Musique / Festivals

Le pianiste tchèque Lukas Vondracek remporte le Premier Prix du Concours Reine Elizabeth 2016.

Henry Kramer remporte le second prix du concours et Alexander Beyer le troisième prix de cette édition du concours musical.


Après l’effervescence de la semaine dernière, le Concours Reine Elisabeth s’est fait plus discret depuis dimanche. Fini ? Nullement : chacun fourbit ses armes pour la grande semaine de finales. Dès lundi prochain, les lauréats arriveront deux par deux au Palais des Beaux-Arts de Bruxelles pour tenter de remporter la mise.

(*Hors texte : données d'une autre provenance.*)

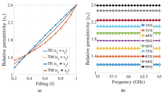 (a) Relative permittivity of the unit cell when the filling factor varies at 60 GHz. The dimensions are: 1 mm. For the case , 0.2 mm and varies. (b) Relative permittivity along the frequency for different filling factors.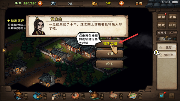 2、與NPC對話時可選擇詢問江湖等選項,進行任務對話,獲取任務信息和獎勵,提升角色實力。

Tout au long de cette semaine, ils prennent leurs quartiers dans leur cellule individuelle à la Chapelle Reine Elisabeth, entre Waterloo et la forêt de Soignes. Depuis dimanche, ils arrivent deux par deux chaque jour dans le beau domaine d’Argenteuil : Yoonji Kim et Atsushi Imada, sont entrés les premiers puisqu’ils sortiront pour présenter leur programme de finale le 23 et, dans deux jours, ils seront au complet.

Egalité absolue : chaque lauréat passe huit nuits sur place. Et dispose donc du même temps pour découvrir et maîtriser la partition qu’il reçoit à son arrivée à la Chapelle : la fameuse œuvre imposée, censée servir d’étalon de comparaison entre les douze. Une œuvre qui, désormais, n’est plus le produit d’un concours de composition, mais bien d’un choix de la direction du Concours. Cela change-t-il grand-chose ? Honnêtement, pas vraiment. C’est toujours une pièce de dix ou douze minutes pour piano (en l’occurrence) et orchestre, composée dans un langage contemporain et qui, dès lors, déplaira à la majorité des spectateurs. Quelques snobs ou hypocrites en vanteront sans doute les vertus réelles ou supposées - mais l’oublieront aussitôt la compétition terminée - et les autres, trouveront, au mieux, que c’est encore assez supportable ou qu’on a entendu pire.

Car tel est bien le paradoxe : on ne renoncerait pour rien au monde au rituel du Reine Elisabeth mais, ce que chacun attend - spectateurs, solistes voire même jurés - c’est le concerto au choix. Presque toujours les mêmes chaque année, mais toujours attendus. 2016 ne fera pas exception, avec plus de diversité qu’à l’accoutumée : huit concertos au menu. Du plus court (les 20 minutes à peine du Liszt 1 pour Kim) au plus long (les 50 du Brahms 2 pour Weng) en passant par le premier de Chopin (Jurinic), l’incontournable Tchaïkovski pour le Russe (Shishkin), le deuxième de Prokofiev, très côté cette année (Imada, Suh et Kramer) et les inévitables Rachmaninov : le 1 (Ferro), le 2 (Okada) et surtout le 3 (Beyer, Han et Vondracek). L’imposé est un prérequis obligatoire que tous finissent par satisfaire, mais c’est le "grand" concerto qui fera la différence.